村上 旅行委員が何でもやるのではなく、参加するみんなにも任せていいんだな、ということが改めてわかったことが良かったです。これって日常生活も同じで、ひとりで抱え込まずに、みんなで協力した方がいいこともあるのかなと。

坂本 一体感を作り出せた、ということには達成感があるかな。旅行に行く前は、やっぱり不満も聞こえてきたんだけど(笑)実際に行ってみたら、みんなすごく楽しんでくれて。参加した人どうしが、以前より仲良くなってくれたことも良かったなぁ、と。

道場 あとは、ツアーってこういう風に組むんだな、ということがわかったことは大きいかも。これからは、オリジナルな旅行もどんどん自分で企画できそうです。

「社員旅行」という「コモン(共)」をともにつくりあげ、時間をともに過ごすことで、お互いの新しい一面を見つけたり、より深い関係を築くことができた今回の社員旅行。

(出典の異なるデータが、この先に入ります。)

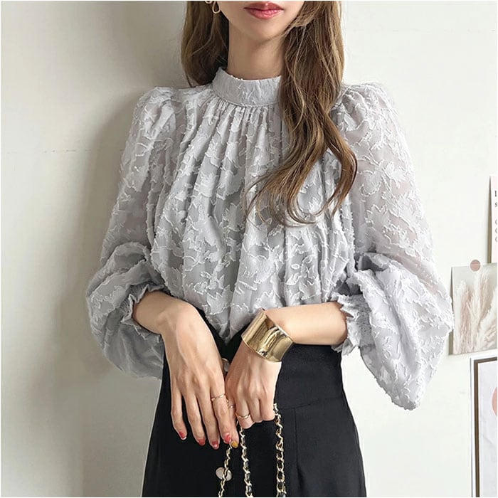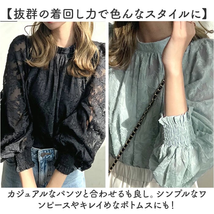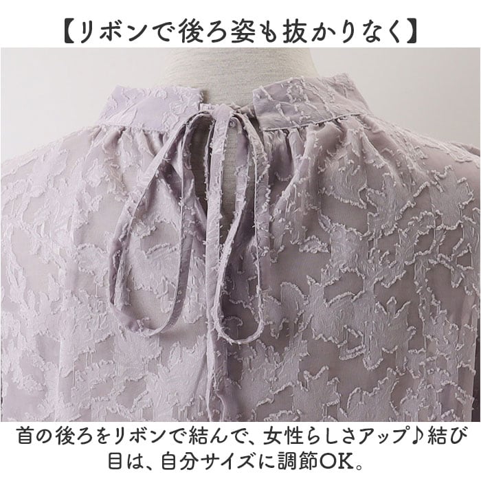 | 商品説明 | 【大人可愛いを詰め込んだデザイン】甘くなりすぎず、おしゃれにキマる!コーデの主役になれるフラワーリボンブラウス。【抜け感をプラス☆シアーブラウス】爽やかな透け感で、大人な着こなし♪ちょこっと上品な肌魅せが叶うアイテム。(※)透け感があるため、お手持ちのインナーを着用してください。【首まわりすっきり。スタンドカラー】首に沿った立ち襟。首周りをスマートに見せつつ、柔らかくい優しい印象を演出。【リボンで後ろ姿も抜かりなく】首の後ろをリボンで結んで、女性らしさアップ♪結び目は、自分サイズに調節OK。【ふんわり軽やかなバルーンスリーブ】膨らみを持たせたシルエットがキュート!気になる腕周りをカバー、袖口にはギャザーゴム入り。【シワになりにくく旅行などにも】模様が立体的に浮かび上がる、総柄カットジャガード。折りたたんでもシワが気になりにくい!【抜群の着回し力で色んなスタイルに】カジュアルなパンツと合わせるも良し。シンプルなワンピースやキレイめなボトムスにも! |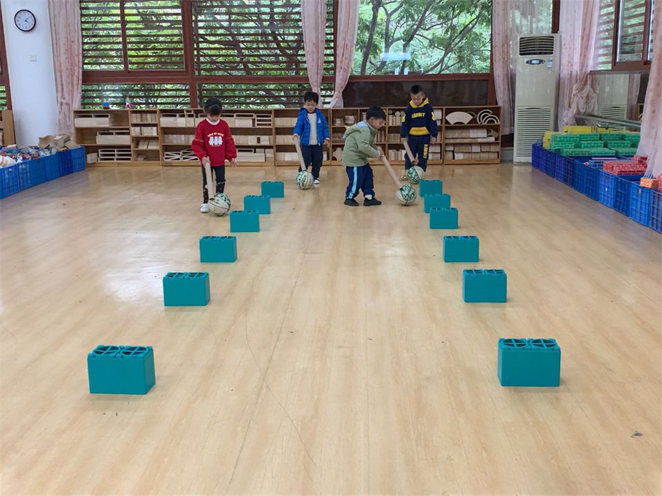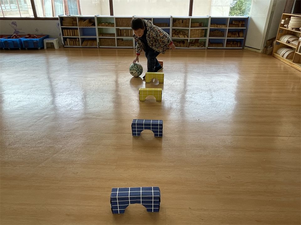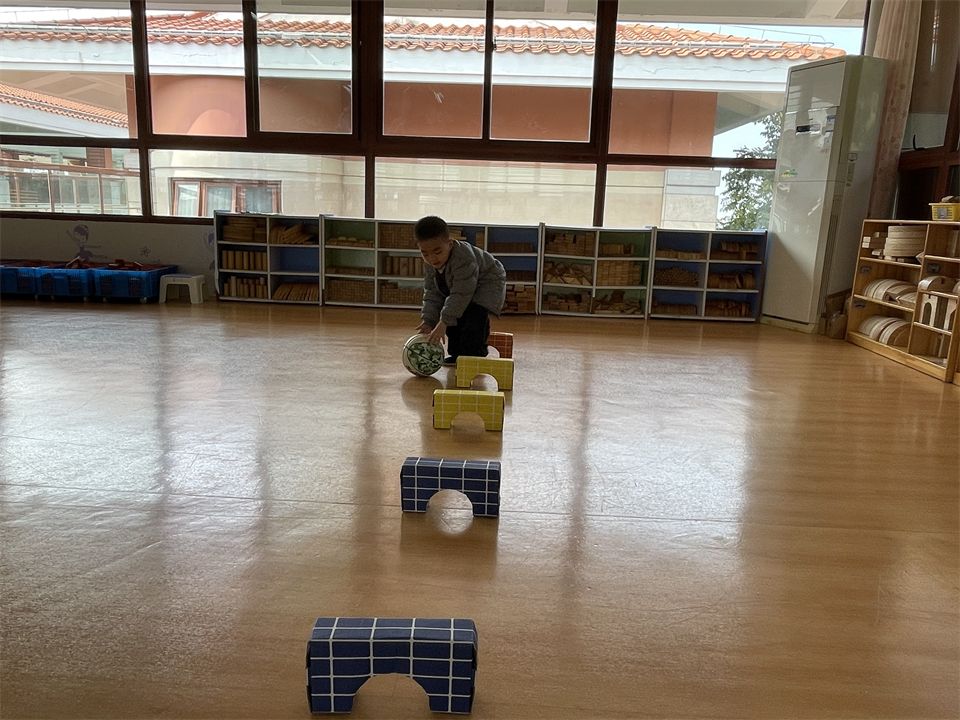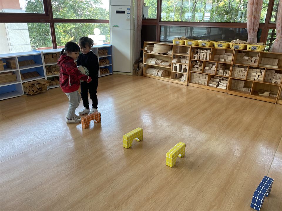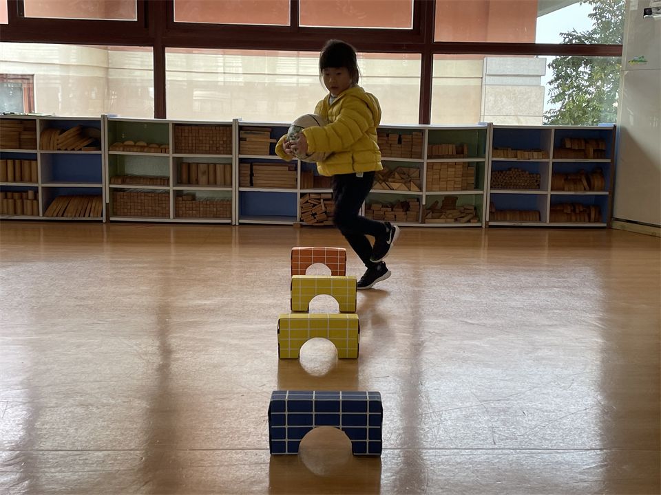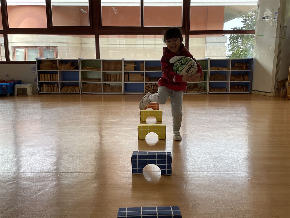加入积木,也可以和篮球一起做游戏呢!转着球滚过积木、抱着球单脚跳,超级好玩的游戏就诞生啦!

誰かに「はい、どうぞ」と用意された旅ではなく、みんなが「主役」となって、旅をかたちにし、さまざまなスキルを身につけた今回の旅は、まさに「ものさす式DIY」な旅行だったのではないでしょうか。

さて、来年はどんな社員旅行になることやら。
こうして弊社の社員旅行は、回を重ねるごとにエッジがたった企画になっていくようです(笑)。